On a jusqu'à ce jour vomi beaucoup de calomnies contre lui, on n'a
jamais rien articulé de sérieux. Dans son commandement il se montra
toujours irréprochable. Sa conduite, durant le rude hiver de 1794, fut
digne de tous éloges. Si la paix publique ne fut point troublée, si les
attroupements aux portes des boulangers et des bouchers ne dégénérèrent
pas en collisions sanglantes, ce fut grâce surtout à son énergie
tempérée de douceur.
S'il est vrai que le style soit l'homme, on n'a qu'à parcourir les
ordres du jour du général Hanriot, et l'on se convaincra que ce
révolutionnaire tant calomnié était un excellent patriote, un pur
républicain, un véritable homme de bien.

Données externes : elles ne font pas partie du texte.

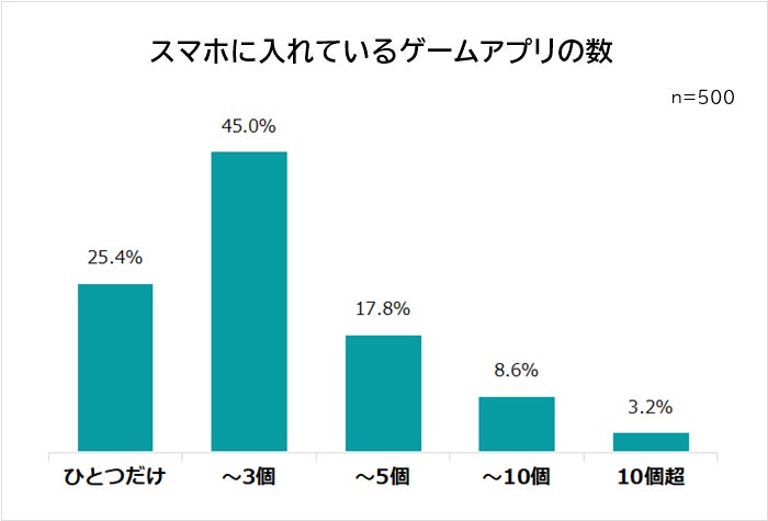 ただ、なかには10個前後のゲームアプリをインストールしている人もいて、かなり個人差が大きくなっています。「インストールしたものの、今は遊んでいないアプリがある」という人も多いのかもしれません。
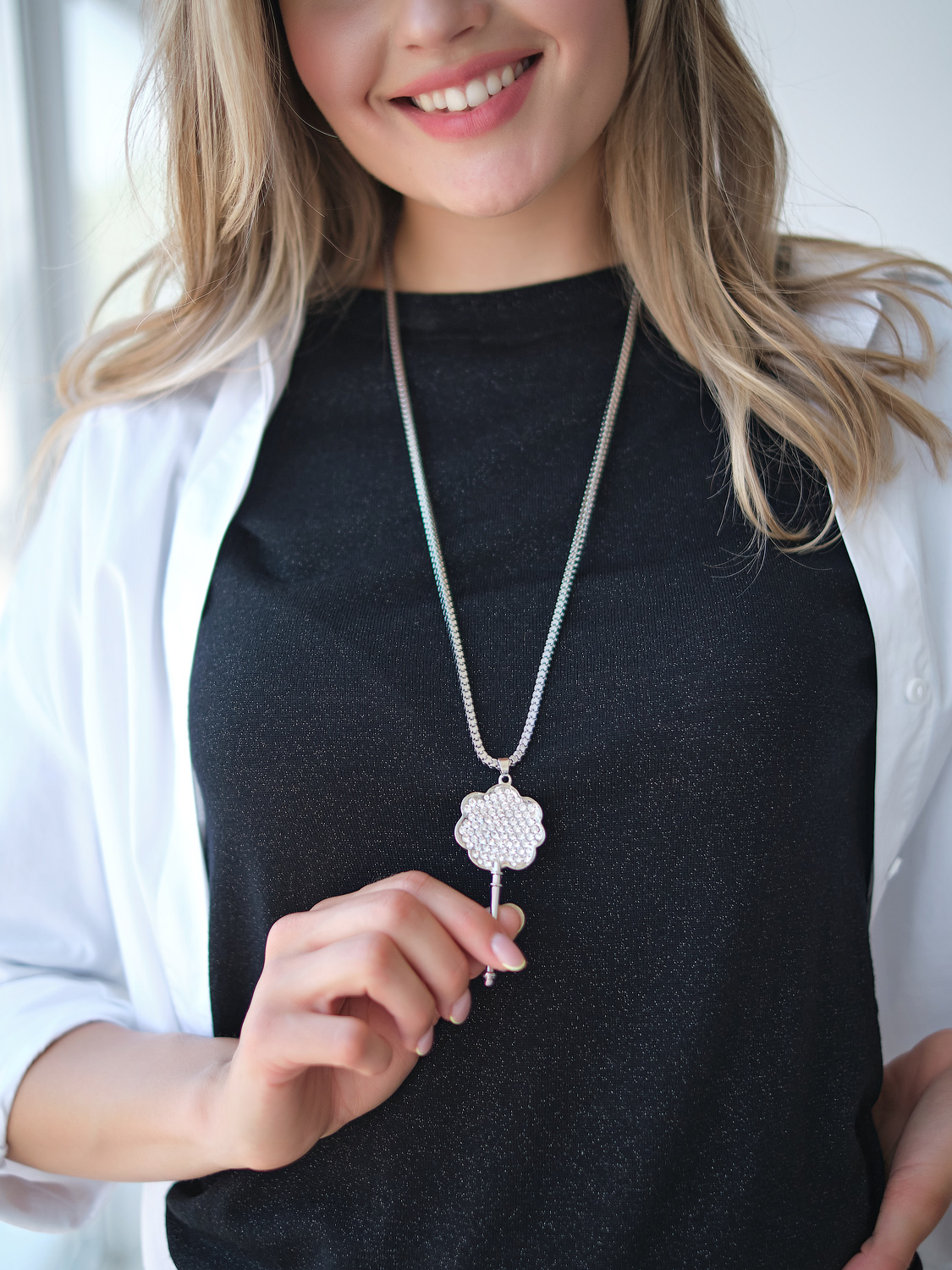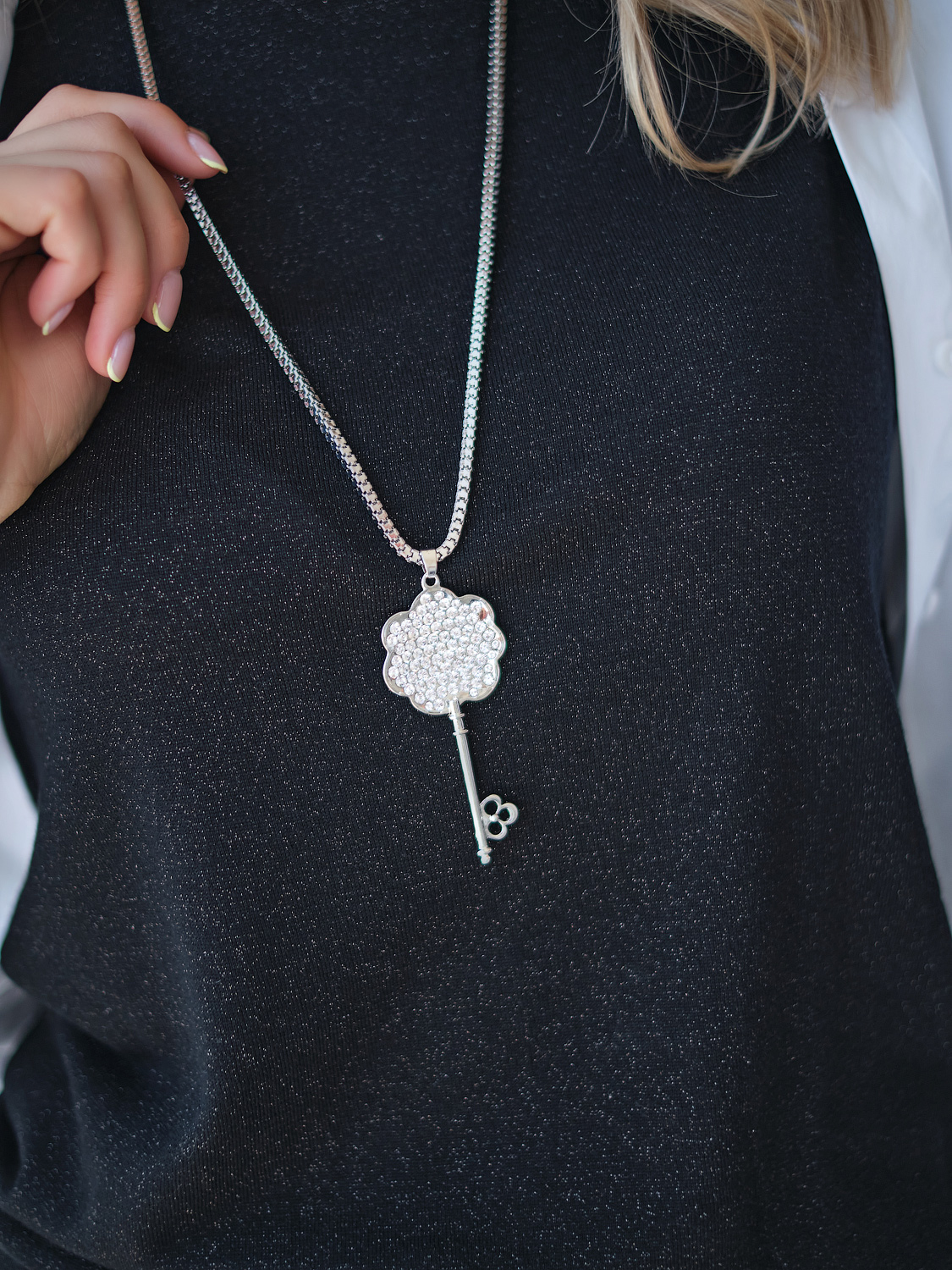 Стильная подвеска в виде ключа. Выполнена из комбинированных материалов, богато украшена стразами.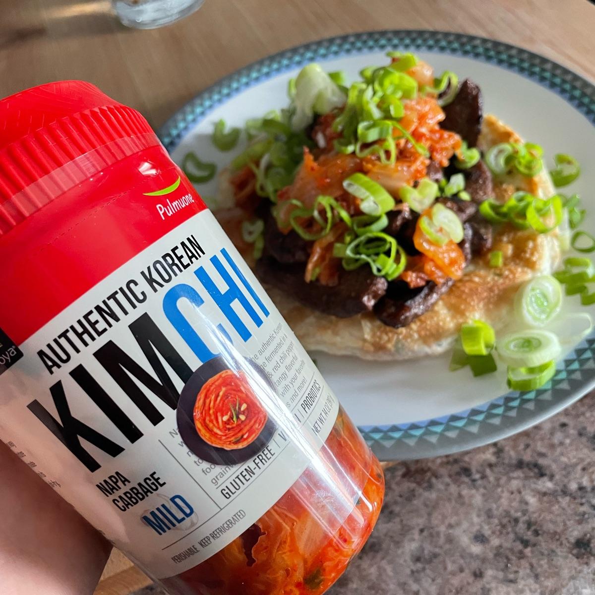 Perfectly balanced classic kimchi. Crunchy and flavorful, perfect addition to fried rice, noodles and in this case I made a taco with a Trader Joe’s scallion pancake with nasoya korean bbq plant based steak topped with the kimchi and scallions and a drizzle of Japanese bbq sauce. A lot of things going on but it went really well together. Very enjoyable. The kimchi added a hint of heat as it’s the mild version.
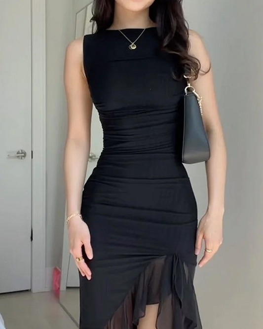 Vestido casual sin mangas con volantes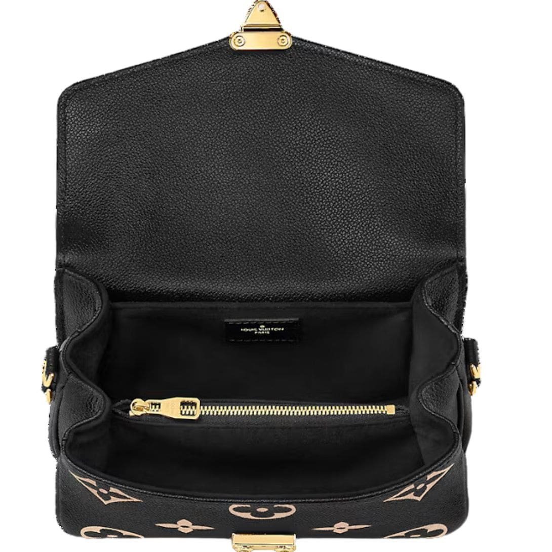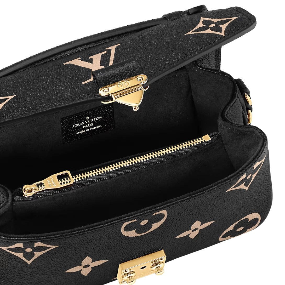 Designed with functionality in mind, the LOUIS VUITTON POCHETTE METIS EAST WEST features three interior compartments, including a convenient middle zipped pocket, ideal for organizing essentials. An outside zipped pocket provides easy access to frequently used items, enhancing its usability.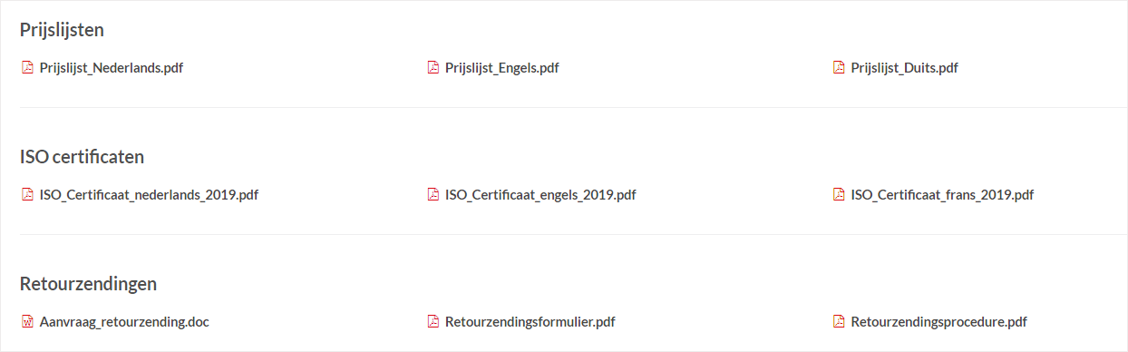 Door op uw website ook een speciale downloadpagina (naast de downloads op de artikelpagina’s zelf) op te zetten weten uw klanten direct waar ze al hun informatie kunnen vinden, en hoeven ze niet eerst het gehele assortiment te doorzoeken. Met als positief gevolg dat de verkoopdienst wordt ontlast omdat de klanten het antwoord online kunnen vinden. Eén centrale plek zorgt dus voor een gebruiksvriendelijke ervaring met voordeel voor alle partijen.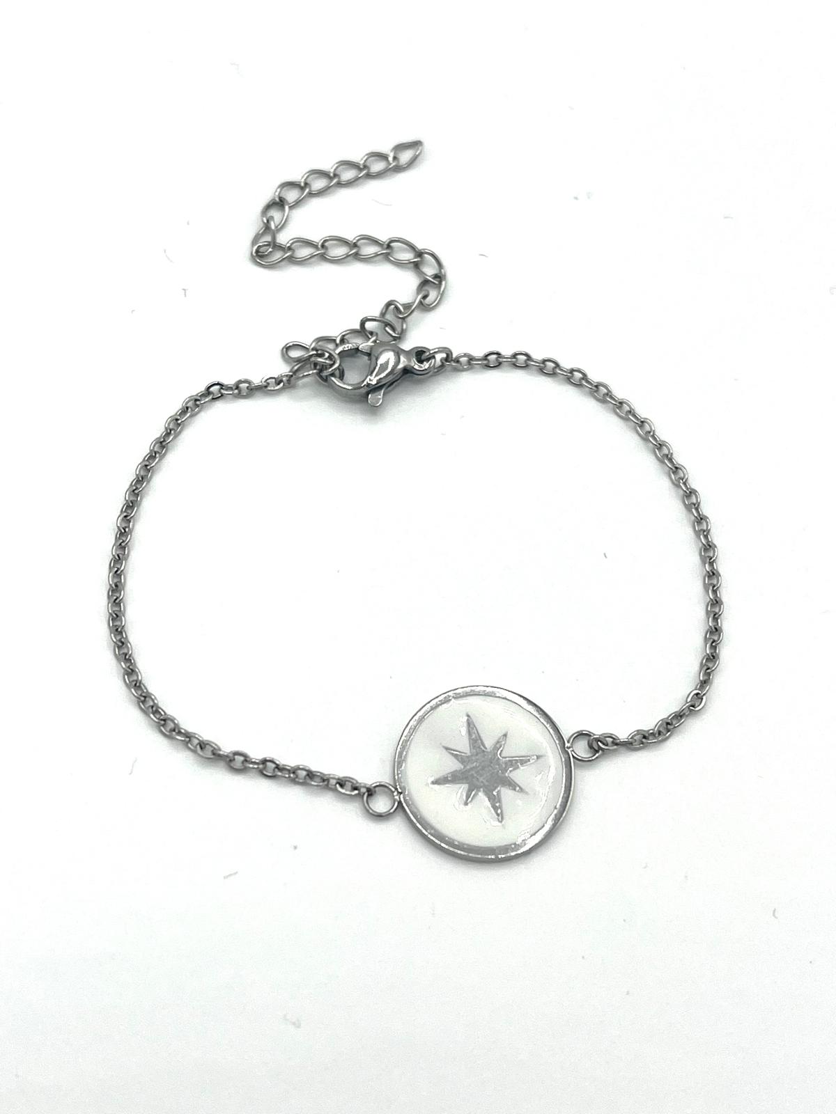Een subtiel sieraad met een vleugje betekenis. Deze zilverkleurige armband is gemaakt van hoogwaardig roestvrij staal en heeft een wit rond plaatje met een elegante zilveren ster. Het minimalistische design straalt rust en stijl uit, perfect om dagelijks te dragen of te combineren met andere sieraden.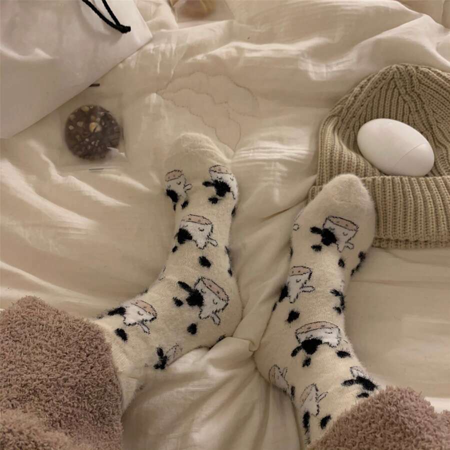 1pair Women's Thickened & Warm & Adorable & Fluffy Floor Sleep Mid-tube Socks With Cow And Mink Cashmere For Autumn And Winter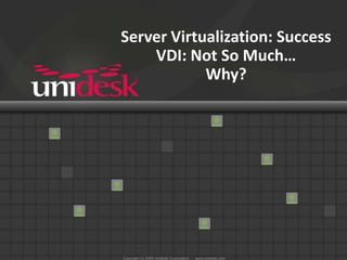 The webinar discusses the challenges and complexities associated with Virtual Desktop Infrastructure (VDI) compared to successful server virtualization, highlighting issues like user acceptance, migration difficulties, and unclear ROI. It emphasizes the importance of a well-defined desktop virtualization strategy and the trade-offs involved, particularly regarding single image management versus personalization and storage costs. The session also covers practical VDI implementation experiences, including technology recommendations and common pitfalls to avoid.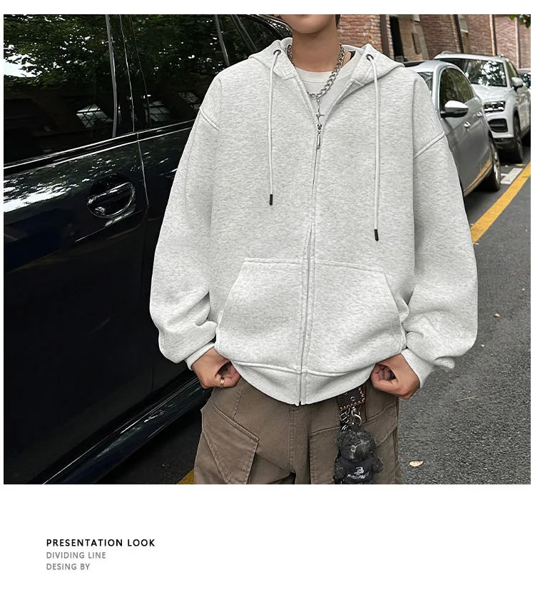 AIDASE - Autumn Fashion Men's Jacket Coat Long Sleeve Loose Zipper Hoodies Streetwear Hooded Casual Outwear Black Gray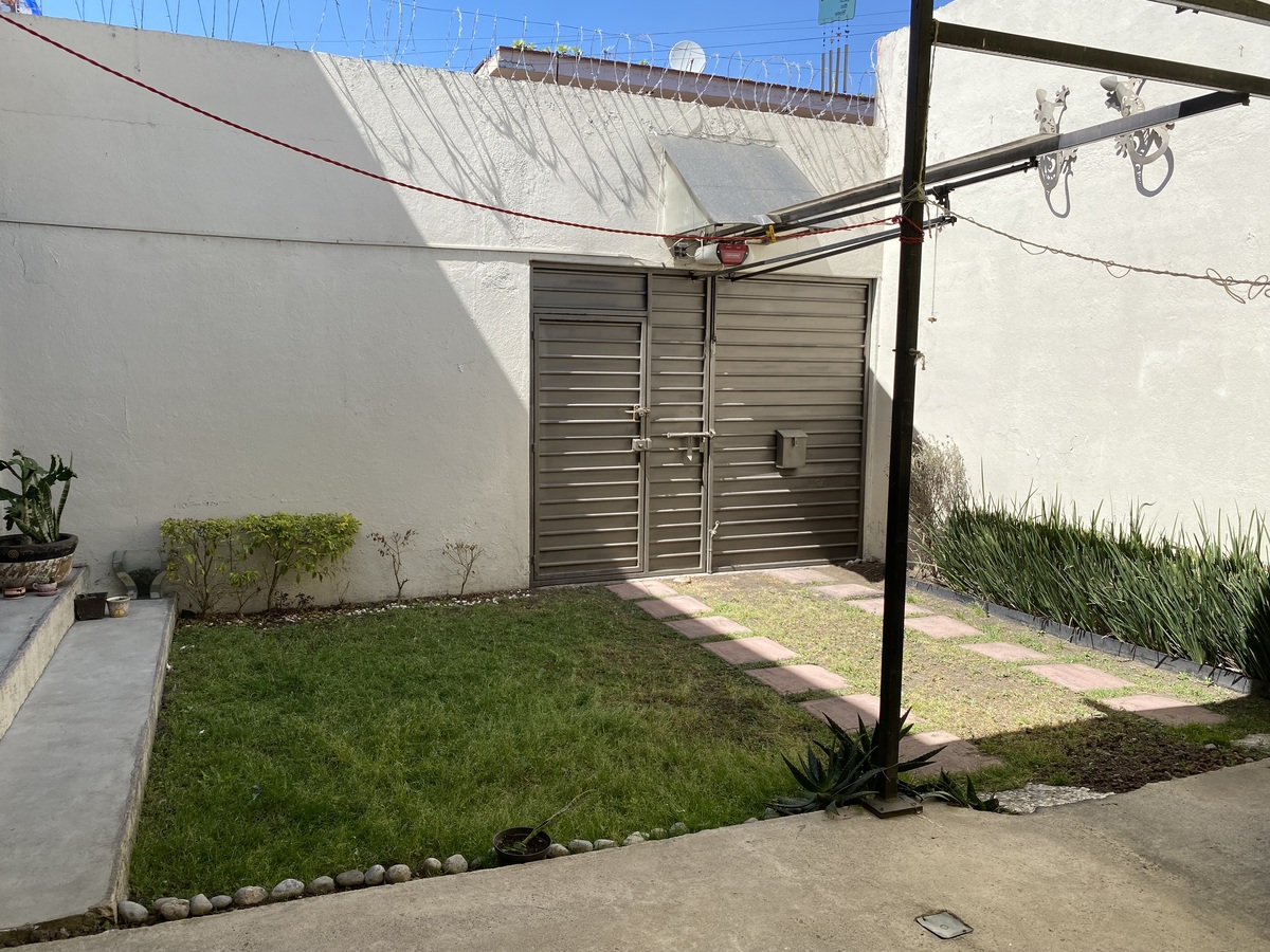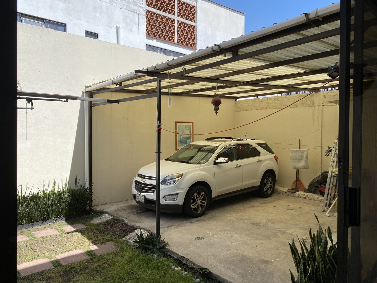 Jardín y patio techado con dos lugares de estacionamiento. Portón eléctrico.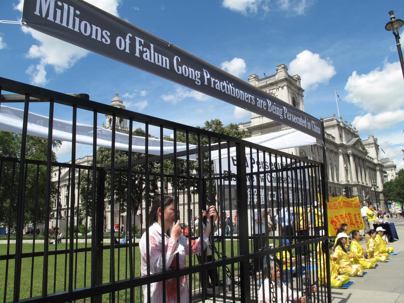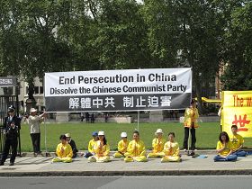 ![]() 法轮功学员在英国议会大厦前集会并演示中共酷刑,抗议中共迫害 |

A ses frères d'armes, de
service dans les maisons d'arrêt, il recommande de se comporter avec le
plus d'égards possible envers les détenus et leurs femmes. «La justice
nationale seule», dit-il, «a le droit de sévir contre les
coupables[384].... Le criminel dans les fers doit être respecté; on
plaint le malheur, mais on n'y insulte pas»[385]. Pour réprimer
l'indiscipline de certains gardes nationaux, il préfère l'emploi du
raisonnement à celui de la force: «Nous autres républicains, nous devons
être frappés de l'évidence de notre égalité et pour la soutenir il faut
des moeurs, des vertus et de l'austérité»[386]. Ailleurs il disait: «Je
ne croirai jamais que des mains républicaines soient capables de
s'emparer du bien d'autrui; j'en appelle à toutes les vertueuses mères
de famille dont les sentiments d'amour pour la patrie et de respect pour
tout ce qui mérite d'être respecté, sont publiquement connus»[387].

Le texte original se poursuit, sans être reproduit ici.